Against this backdrop, in September 2018, the European Court of Justice conducted a legal review of the applicability to gene-editing of the 2001 EU Directive regulating GM crops. The Advocate General appointed to advise the Court issued a statement concluding that because the products of gene editing contained no foreign DNA and could also have been developed through conventional breeding techniques, they posed a similar risk to conventional varieties and so should not be regulated in the same way as GM varieties. This position was supported by several Member States and EU Institutions. However, the final ruling of the court overruled the Advocate General’s position, and as a result, gene-edited products are considered GM in the EU at present.

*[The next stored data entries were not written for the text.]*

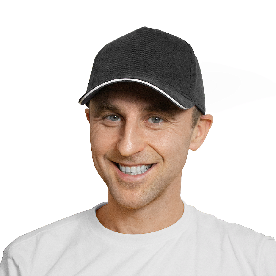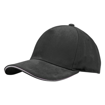 Кепка 6- панельная Salerno Heavy 350,  c белым сендвичем, черная
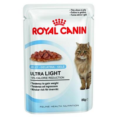 ROYAL CANIN CAT ULTRA LIGHT W GALARETCE 85 G to specjalistyczna formuła dedykowana dorosłym kotom cierpiącym na nadwagę , łącząca w sobie wysoką zawartość najlepszej jakości białka oraz błonnika , które wspierają w ukształtowaniu i utrzymaniu prawidłowej masy ciała przy jednoczesnym zachowaniu odpowiedniej tkanki tłuszczowej i mięśniowej . Włókna roślinne zapewniają zdrowe działanie układu pokarmowego i ułatwiają trawienie , przyspieszając eliminacje niestrawionych resztek pokarmu . Doskonały, starannie wyselekcjonowany smak ROYAL CANIN CAT ULTRA LIGHT W GALARETCE 85 G zaspokaja apetyt nawet najbardziej wybrednych pupili .
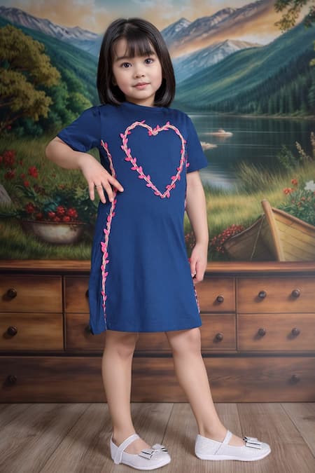 Blue dress featuring heart-shaped embroidery with pink detailing
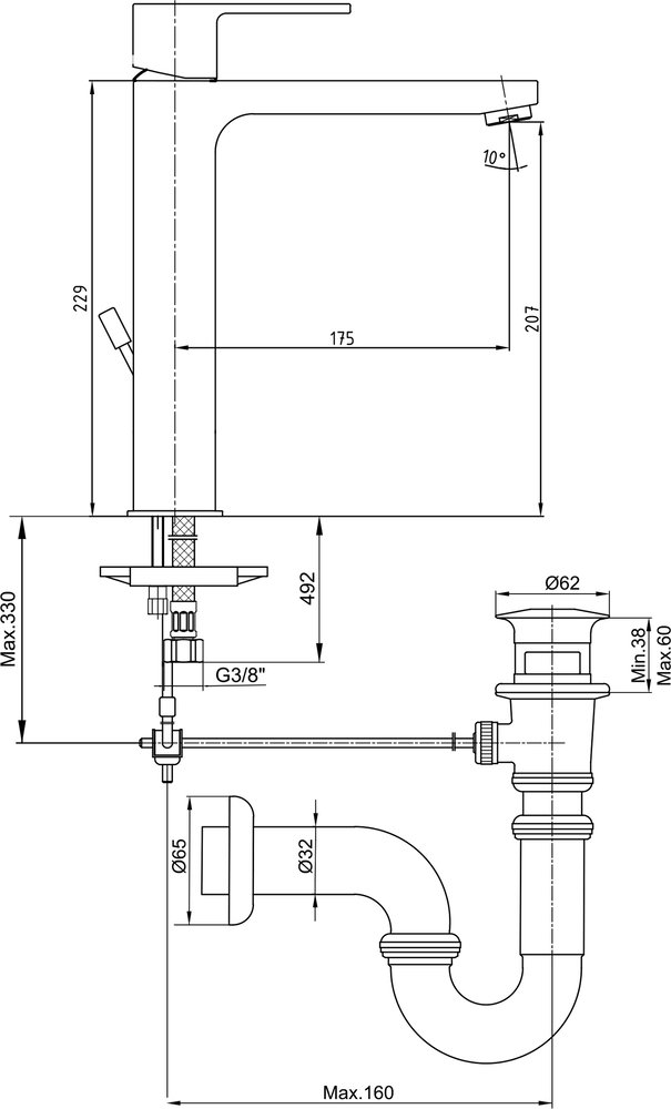 Высота излива:
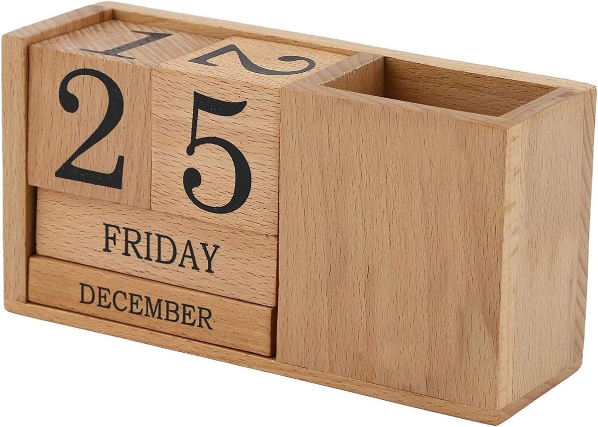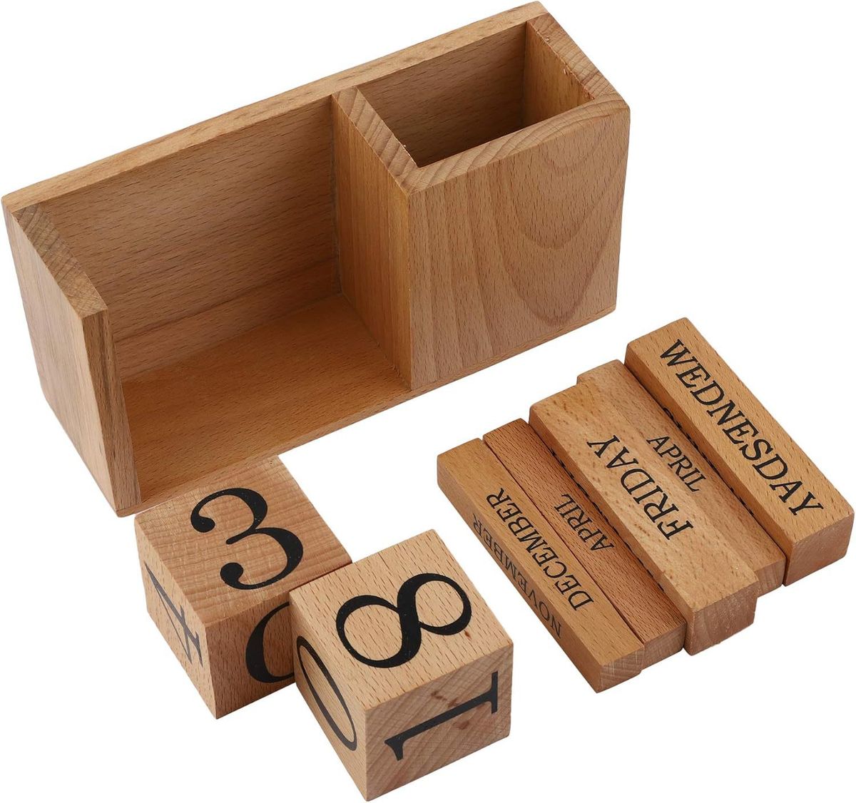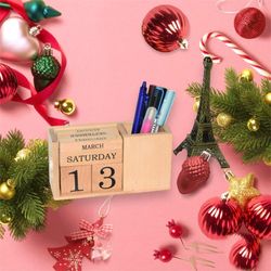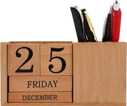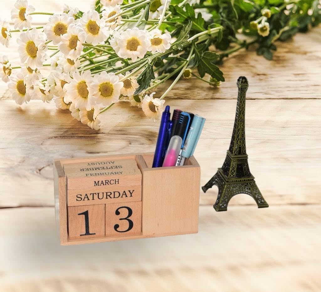 This daily desk calendar is made with wood. Large printed dates are easy to read from a distance. Every block has a slightly different natural wooden texture. As the blocks are handmade. It would make a perfect gift item for a work colleague, office friend or a family member.
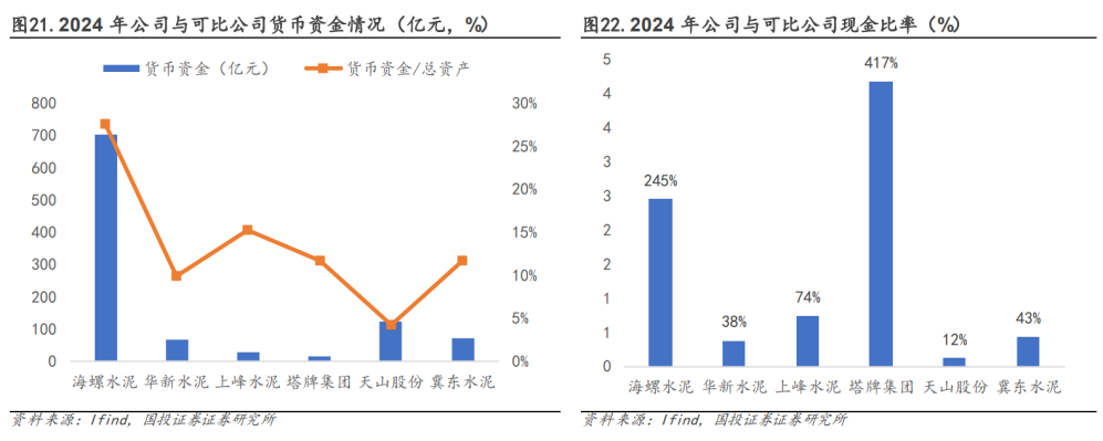 水泥龙头经营韧性突出,行业下行龙头地位提升。公司为安徽省国资控股水泥龙头,经营实力突出,业务范围全国布局,截至2024年末,公司水泥产能4.03亿吨/熟料产能2.74亿吨,水泥及熟料产能位居国内第二,为世界最大的单一品牌供应商。公司经营韧性突出,2002年上市以来,各季度均实现盈利,货币资金储备充足,“高现金低负债”构筑深厚护城河。2021-2024年,受房地产需求下滑、疫情、基建投资放缓等多因素影响,水泥需求大幅收缩,价格竞争激烈,行业进入下行阶段,各公司水泥业务整体呈量价齐跌态势,公司凭借其规模、成本、市场资源优势,维持盈利优势,同时实现市占率逆势提升。

The ruling produced a firestorm. It was supported by several NGOs but was harshly criticized by many groups, including EU Member States, National and EU Science Academies, trade and industry groups, and the Scientific Advisers to the European Commission. All these groups argue that the ruling was based on a legal interpretation of legislation written over twenty years ago and that it did not take into account scientific advances. They argued it was neither science nor risk-based, posed unjustified trade barriers, and could not be implemented for imported goods. In response to this broad-based backlash, in November 2019, the EU Council formally requested the European Commission to review the situation and propose changes to the law if needed.

The EU Council is currently scheduled to address the European Commissions proposed changes in the spring of 2021.

The goal is harmonized regulatory with all regulatory guidelines in all jurisdictions. It is our belief that, over the next two to three years, the Cibus gene editing technology will be uniformly confirmed as non-GM by the world’s regulatory agencies. That is what the science supports, and consequently, so do we.